Um spyware batizado de DKnife opera silenciosamente em roteadores desde 2019, coletando dados sensíveis sem levantar suspeitas. A ameaça, que permaneceu despercebida por anos, usa uma arquitetura modular complexa para espionagem digital. A descoberta revela uma campanha de longa duração contra infraestruturas de rede domésticas e corporativas.
Como funciona o spyware DKnife
O DKnife é uma ameaça persistente que atua através de múltiplos módulos especializados. Cada componente tem uma função específica na operação de espionagem.
Módulo principal: dknife.bin
Este arquivo atua como o motor central do sistema. Ele monitora passivamente todo o tráfego de rede que passa pelo roteador infectado.
O módulo lê o conteúdo de todos os dados que trafegam na rede comprometida. Isso permite que os agentes maliciosos tenham uma visão ampla das atividades online dos usuários.
Transmissão de dados: postapi.bin
Este componente tem função de relatório, enviando os dados coletados diretamente para os hackers. O processo ocorre de maneira automatizada, garantindo um fluxo constante de informações.
O módulo pode ser configurado para reportar em intervalos regulares ou sob certas condições específicas.

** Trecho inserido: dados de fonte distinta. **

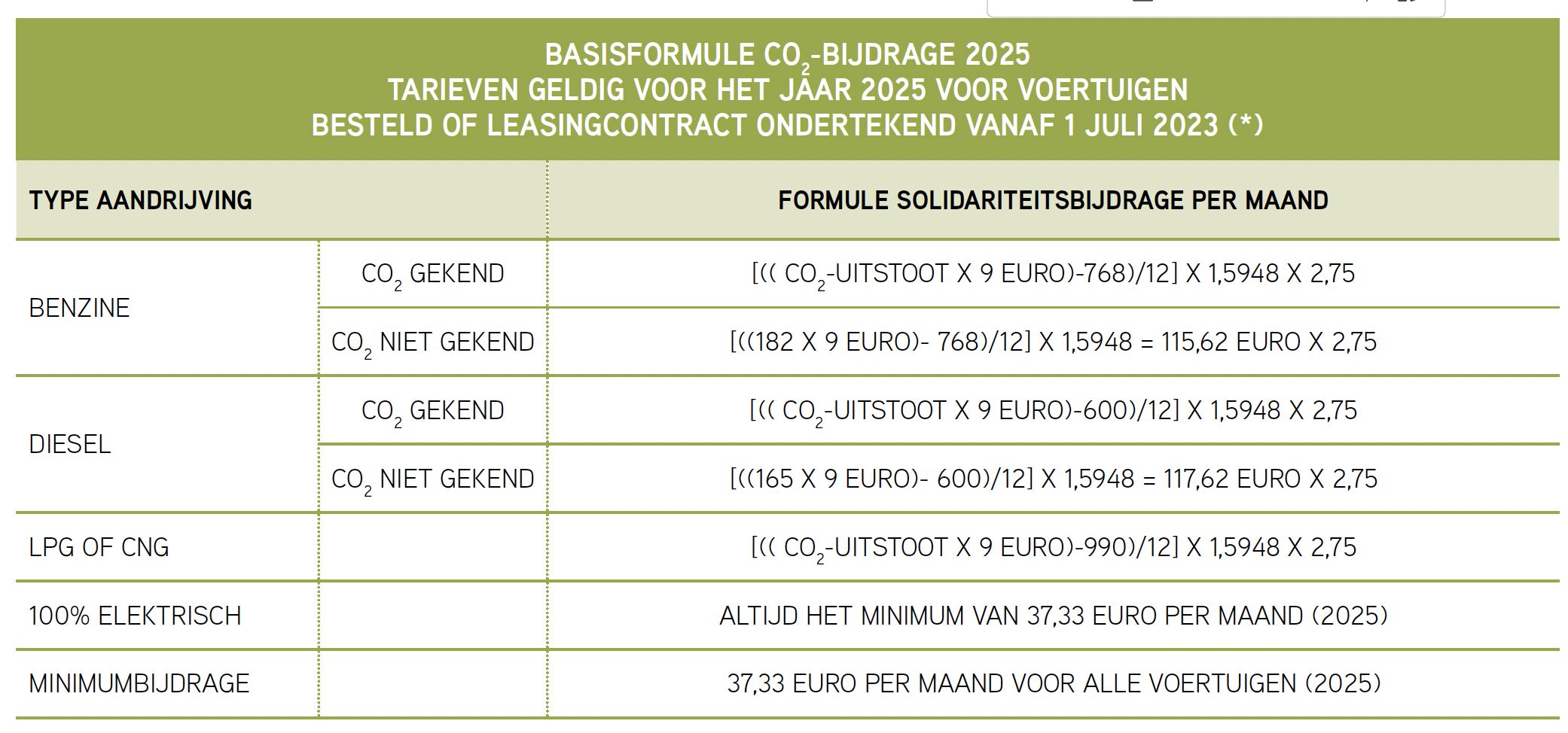 2) Voor alle voertuigen inclusief PHEV’s en zero-emissievoertuigen besteld vanaf 1 juli 2023 of leasingcontracten ondertekend vanaf 1 juli 2023: Het niet geïndexeerd bedrag stijgt ingevolge de wetgeving vergroening van bedrijfswagens (Wet van Peteghem) van 20,83 euro naar 23,41 euro per maand. Na indexatie stijgt het maandelijkse minimumbedrag van 31,99 euro naar 37,33 euro per voor het jaar 2025. Dit is een stijging van 16,69%!

Ataque a dispositivos Android: mmdown.bin
Este módulo funciona como um atualizador projetado para renovar arquivos maliciosos em dispositivos Android. Sua presença indica que a campanha visa não apenas redes, mas também smartphones e tablets conectados a elas.
O mecanismo permite que o código malicioso se adapte e persista mesmo após tentativas de remoção.
Capacidades avançadas do spyware
Quebra de comunicações seguras: sslmm.bin
Este módulo atua como um proxy reverso com função específica de desencriptar comunicações seguras. Ele permite o roubo de senhas de e-mail e outras credenciais sensíveis.
A técnica contorna proteções padrão da internet, como o protocolo HTTPS. Dados transmitidos por conexões consideradas seguras podem ser interceptados.
Criação de rede oculta: yitiji.bin
Este componente, cujo nome significa “todos em um” em chinês, cria uma rede oculta diretamente no roteador infectado. A rede paralela é destinada ao tráfego malicioso.
Ela permite que os hackers movimentem dados sem chamar a atenção de ferramentas de segurança convencionais. O roteador comprometido se torna uma base operacional para atividades ilícitas.
Acesso remoto: remote.bin
Este módulo cria uma VPN privada que permite acesso remoto dos hackers ao roteador comprometido. A conexão segura e dedicada facilita a administração da ameaça sem deixar rastros evidentes.
A VPN atua como um túnel exclusivo entre os criminosos e a vítima, permitindo que a espionagem seja conduzida de qualquer lugar do mundo.
Manutenção e persistência
Atualização constante: dkupdate.bin
Este componente é responsável por manter os outros módulos atualizados e funcionando corretamente. Ele verifica regularmente a integridade do código malicioso e aplica correções quando necessário.
O atualizador pode buscar novas versões dos módulos a partir de servidores controlados pelos hackers. Essa capacidade de autopreservação explica como a ameaça permaneceu ativa desde 2019.
Riscos e implicações
A operação do DKnife desde 2019 sem detecção revela uma sofisticação notável em campanhas de espionagem digital. A combinação de múltiplos módulos especializados permite uma coleta abrangente e contínua de dados.
Os principais riscos para os usuários incluem:
- Roubo de senhas e credenciais
- Interceptação de comunicações privadas
- Perda de informações confidenciais
- Criação de redes ocultas para outros crimes cibernéticos
A ameaça serve como alerta para a necessidade de vigilância constante sobre dispositivos de rede. A proteção contra spyware requer atenção tanto a equipamentos quanto aos hábitos de segurança online.